Apple、Googleがカーナビ業界に侵攻しつつある。迎え撃つ日本のカーナビ業界は、どのような戦略をとっているのか。生き残りの鍵を探る。
6月10日に米国で開催されたAppleの開発者向けカンファレンス「WWDC 2013」。
その壇上で、iPhoneやiPadを車載モニターと連携させ、カーナビやハンズフリーフォンとして使える新機能「iOS in the Car」が発表された。
その翌日、今度はGoogleがイスラエルのソーシャルカーナビゲーションアプリ開発会社「ウェイズ」を買収した。

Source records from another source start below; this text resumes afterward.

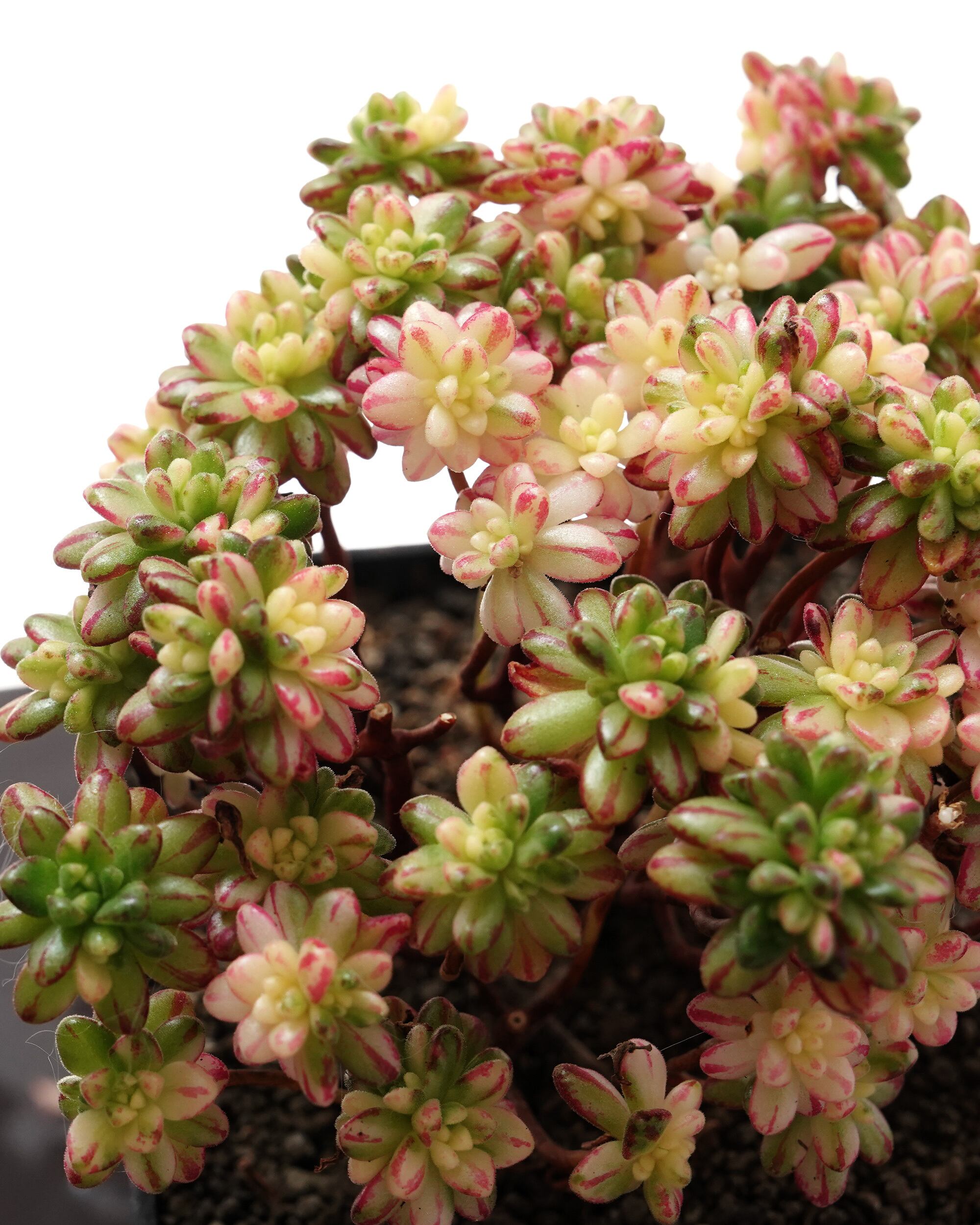 多肉植物界に突如現れた新星、「小人の祭り A. sedifolium」の斑入りタイプです。斑入りにより白い部分が増えたことで、赤い部分も一層鮮やかに引き立ち、明るく華やかな印象を与えます。小さなサイズながらもキラキラと輝くようなかわいらしさで、見る人の目を引きつける魅力にあふれています。
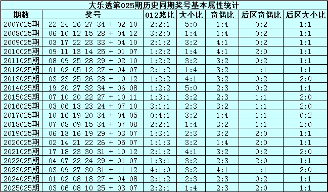 大乐透第2026025期历史同时号码分析:
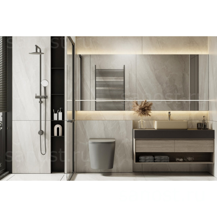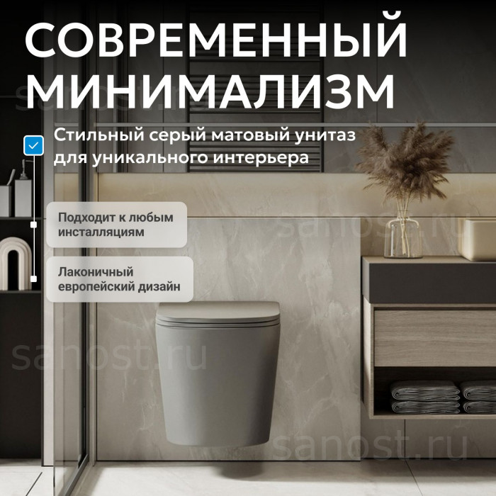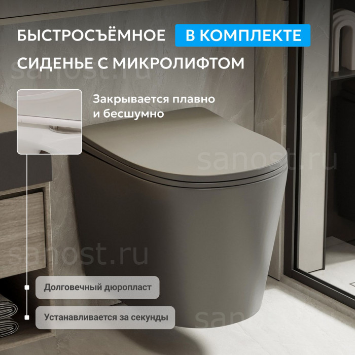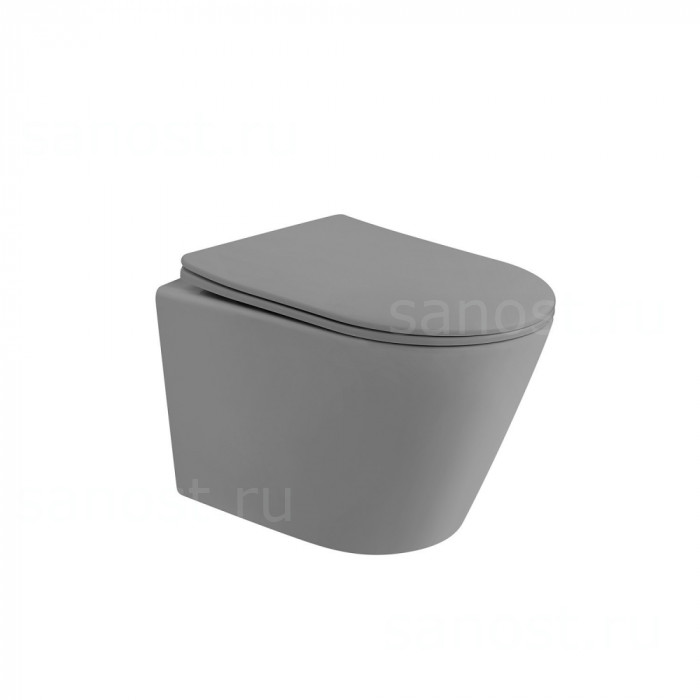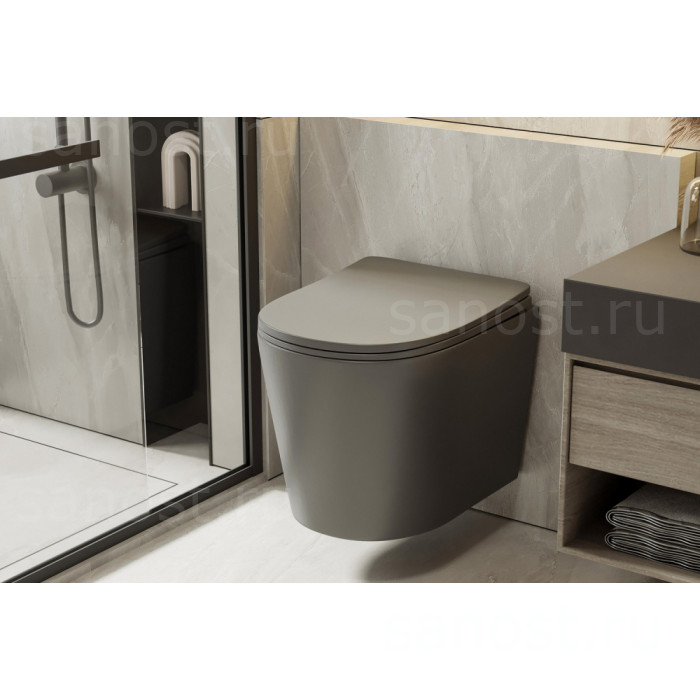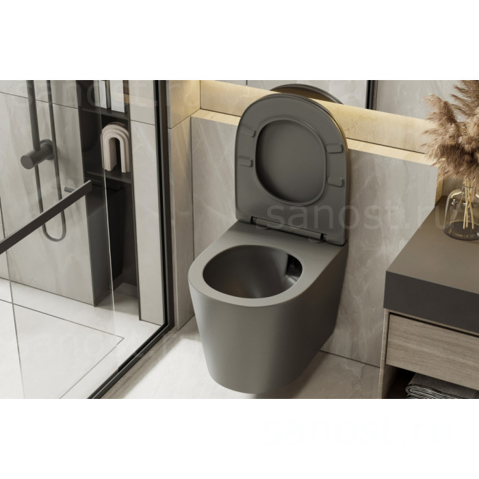 Унитаз ABBER Bequem AC1102TMG подвесной серый матовый, безободковый, смыв торнадо, Безободковый, функция Антивсплеск, Антигрязевое покрытие, сиденье в комплекте, режим смыва: торнадо,
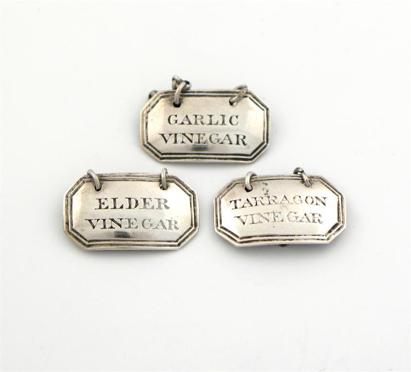 A set of three George IV silver sauce labels, by Charles Rawlings, London 1825, rectangular form, canted corners, reeded borders, incised 'ELDER VINEGAR', 'GARLIC VINEGAR' and 'TARRAGON VINEGAR ', length 2.4cm. (3)
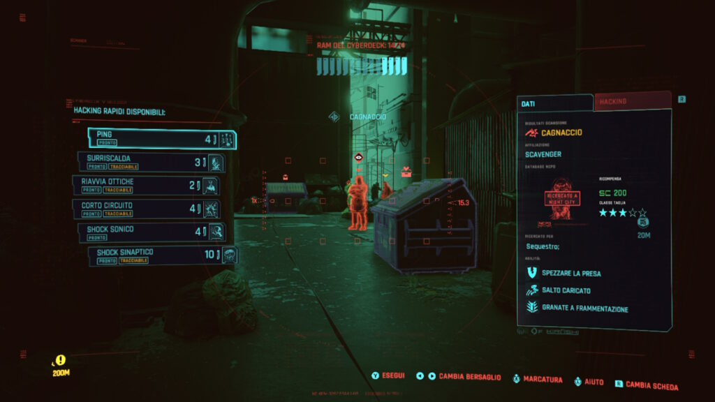 Sempre sfruttando le abilità date dalle modifiche cyberware e dagli hacking rapidi potremo poi infiltrarci nelle sottoreti di locali e attività attivando il protocollo di violazione dell’access point. Questo tipo di hacking ci metterà di fronte a un minigioco che, se completato con la corretta sequenza di numeri, ci garantirà ricompense sempre migliori.
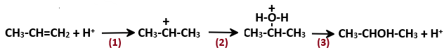 Dựa vào cơ chế phản ứng của propene với H2O.

Googleは2013年1月にも、アウディにカーナビ用地図を提供すると発表し話題を呼んだ。いつの間にか、スマートフォンの両雄がカーナビ業界の背後まで迫ってきているのだ。
実は矢野経済研究所の2012年の市場調査に、その予兆が現れていた。同研究所は、PND(小型のポータブルカーナビ)の出荷台数が、2015年には2011年の7割程度まで落ち込むと予測している(「世界のカーナビ/PND/DA市場に関する調査結果 2012」、2012年7月25日発表)。
それでは、日本のカーナビメーカーはスマホにどう対抗しようとしているのか。
スマホをマネずに独自性を活かせ
日立グループのカーナビメーカー・クラリオンは、フリック操作に対応したカーナビ「NX613」をリリース。専用アプリをダウンロードしたiPhoneを接続すれば、スマホと同じようにラジオやYouTubeを再生するアプリをカーナビで利用できる。
「スマホに勝てないなら、いっそ丸ごと取り込んでしまえ」という発想は斬新だが、できることは結局スマホと同じ。それならカーナビを使う理由がない。
一方で、ひと工夫加えているのがアルプス電気グループのアルパイン。スマホと連携できるのはクラリオンのカーナビと同じだが、家族向け機能を盛り込んでいるのが特徴だ。
アルパインの「ビッグX EXシリーズ」はミニバンなどの車種専用カーナビ。
スマホの専用アプリ「アルパイン 家族のおでかけ検索」でおでかけスポット情報をカーナビに転送できる。行きつけのチェーン店を設定しておき、周辺検索で探すことも可能だ。
また、業界最大の9インチモニターを用意し、車の天井に別売りのモニターを設置すれば、前部座席でナビをしつつ後部座席でDVDを再生するなど使い分けられる。
シリコンバレー発のスマホカーナビに立ち向かうには、アルバインのように特定車種に特化し、ファミリー層のニーズに徹底的に応えるなど、独自の付加価値が必要だ。
実はクラリオンも、to B向けに危険運転を回避するための運転管理機能を組み込んだ、野心的なカーナビを発表している。急ブレーキやスピード超過といった危険運転を関知し警告を発する仕組みで、スマホだけでは到底不可能なシステムだ。
何でも屋のスマホとは違い、カーナビはまさに専門職。自動車との密な連携にこそ、ビジネスの光明がある。